On leaving school he went up to Queen's College, Oxford, and represented the University twice in the Varsity Match, in 1878 and 1879, thus earning his Blue. However he was on the losing side both times.

He also made his FA Cup debut for the University in the 1877–78 competition, scoring twice in a 5–2 first round win over Hertfordshire Rangers. He was one of six first-choice players forced to miss the second replay against the Royal Engineers at the last-six stage, and a weaker University side bowed out of the competition.

He made a splash in the University's first round tie in the 1878–79 FA Cup, scoring four times in a 7–0 romp over Wednesbury Strollers, but for the 1879–80 FA Cup he pledged his loyalty to the Old Carthusians, which had now decided to enter the competition, and scored the club's first goal in the competition in a 4–0 first-round win over Acton.

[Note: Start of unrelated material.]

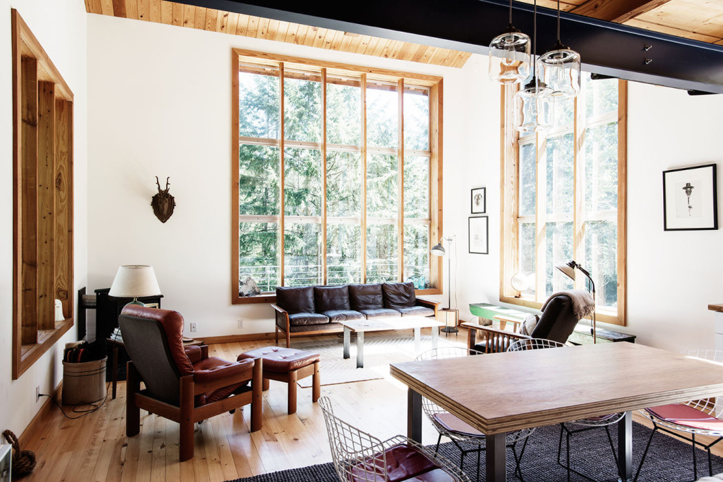 Huge vaulted ceilings feature throughout the 3-bedroom property, as well as floor-to-ceiling windows that bring the outdoor woodland setting inside. White walls and varnished wooden floors add to the ‘soft minimalist’ interior aesthetic, which is furnished with midcentury leather sofas.

Page played in three of the ties in the 1880–81 FA Cup, including the final, against the Old Etonians. He had a hand in at least one of the three goals which won the Cup for his side, the second goal coming from Edward Hagarty Parry after Etonian goalkeeper Rawlinson could only parry a Page shot; he may also have provided the pass to Tod for the third goal, although some reports credit Richards with the "assist".

Page's last appearances in the competition came in 1882–83, with him scoring in every round until the semi-final. Along with three other regulars, he was unable to travel to Whalley Range for the match against Blackburn Olympic, and the O.C.s went down 4–0.

Page was particularly unlucky never to earn his England cap, as he was made a reserve five times between 1877 and 1882.

==Later life==

In 1884, he joined the Royal Irish Constabulary, which limited his association football possibilities. Page died on a visit to London, at 27 Westbourne Park, on 1 July 1884, and was buried in Brompton Cemetery.